The PCM uses the trigger signal from the crankshaft position sensor, and/or camshaft position sensor to pulse the injectors.
A worn-out belt can prevent the Crankshaft-Camshaft Position Sensor from synchronizing, causing the sensor to send the wrong signal.
When you turn on the key the injectors should receive battery voltage.
Also, the PCM driver circuit provides the ground connection to energize the injectors.
In extreme cases the PCM may have failed.
In some cases, a PCM problem will cause the vehicle not to run at all.
The PCM’s functions include positioning the crankshaft and controlling the ignition spark and timing.
If there are problems with how the PCM performs these functions, the vehicle may not run.
First check for voltage at the injectors when the key is turned on.
The problem could be;
- Blown injector circuit fuse
- Bad fuel injector power relay
- A fault in the wiring harness to the injectors
The injector fuse and relay are usually located in the relay box or power distribution center in the engine compartment.
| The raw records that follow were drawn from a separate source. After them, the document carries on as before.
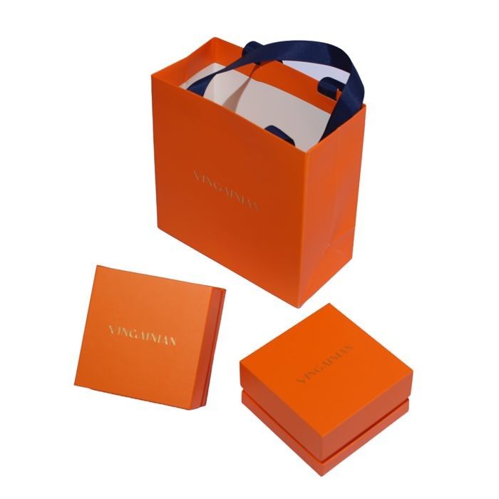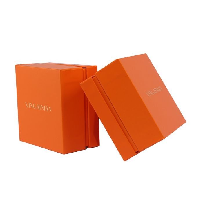 1. Color y artesanía: El color naranja brillante combinado con texto estampado en caliente crea un fuerte contraste, resaltando el logotipo de la marca y mostrando un diseño simple pero sofisticado.
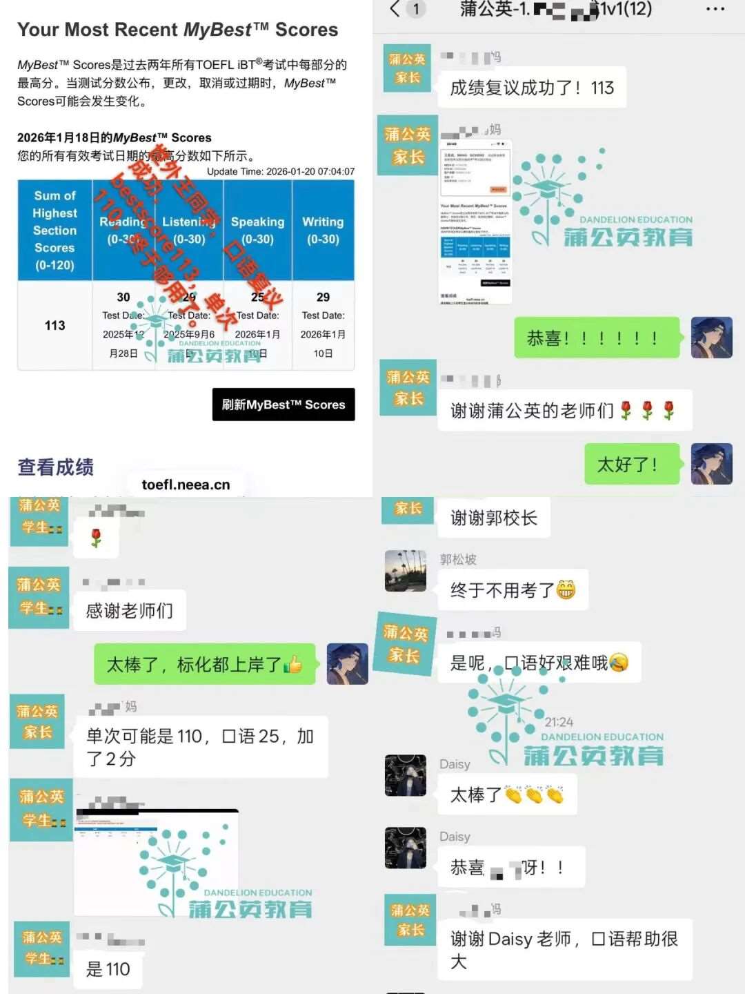 【近期蒲公英托福优秀学员部分展示】
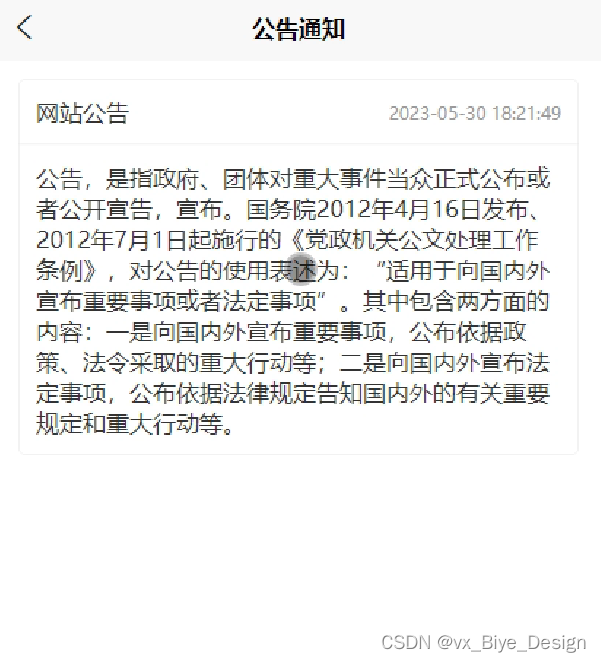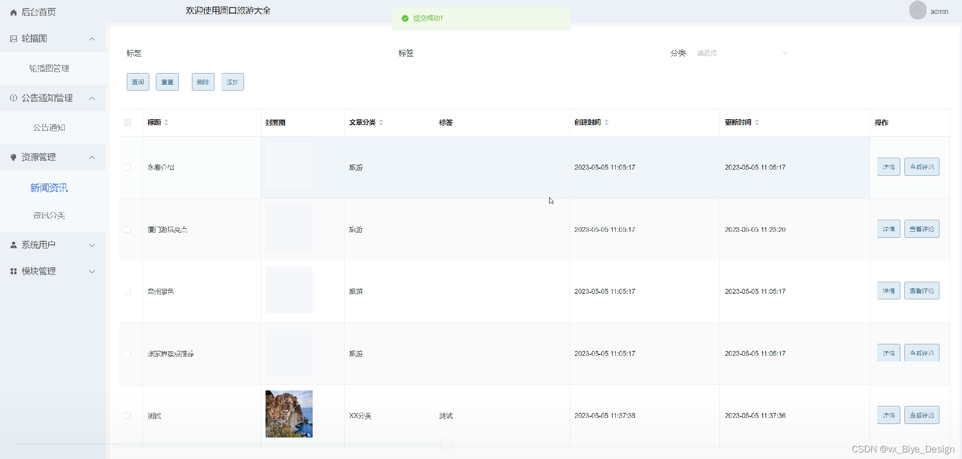 - 轮播图与通知公告管理:管理员可以对系统前台展示的轮播图以及公告进行增删改查,方便用户进行查看。

Fuses are used to protect various electrical circuits while supplying power to components. They help the fuel pump, fuel injection and computer systems from suffering a short circuit. When these fuses blow the system they support stops working and the engine stops running. As a result, The engine will not start. There are two methods of checking electrical fuses that protect various components.
You can either pull each fuse out and inspect it or use a test light to check its continuity. If there is a blown fuse check the system it controls. Once the system is identified inspect or replace the failed part and retry the engine. If the fuse still blows you will need to check the wiring harness for damage and repair it.
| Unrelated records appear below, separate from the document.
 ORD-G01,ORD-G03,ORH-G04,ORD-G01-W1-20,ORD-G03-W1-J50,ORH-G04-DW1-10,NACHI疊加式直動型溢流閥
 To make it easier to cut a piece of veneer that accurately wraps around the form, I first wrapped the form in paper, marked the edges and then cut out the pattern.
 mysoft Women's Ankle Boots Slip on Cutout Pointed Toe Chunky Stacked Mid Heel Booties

If the fuse is okay, try swapping the relay with another to see if that gets voltage to the injectors.
Typically, when injectors fail, the solenoids often short internally causing a drop in resistance. If the specification calls for 3 ohms and an injector measures only 1 ohm, it will pull more current. Too much current flow to an injector may cause the PCM injector driver circuit to shut down. As a result, killing any other injectors that also share that same driver circuit.
TIP: Try unplugging the injectors one at a time and cranking the engine to see if it will start. If the engine starts when a particular injector has been unplugged, that’s the shorted injector that needs to be replaced.
TIP: You can also measure the resistance of each injector with an ohmmeter. Unplug the injector and measure the resistance between the two terminals. If resistance is outside specifications (high or low), replace the injector.
Professional technicians use a tool called a NOID light to check injector pulses. The tool detects digital signals in a circuit and flashes an LED light. No flashes from the injector circuit when cranking the engine would tell you the PCM is not pulsing the injectors. On newer gasoline direct injection (GDI) systems, however, a NOID light is no help.
If the injectors appear to be working, but the engine will not start, the engine may be flooded. You may have to remove the spark plugs to let them dry. Wait awhile then try it again.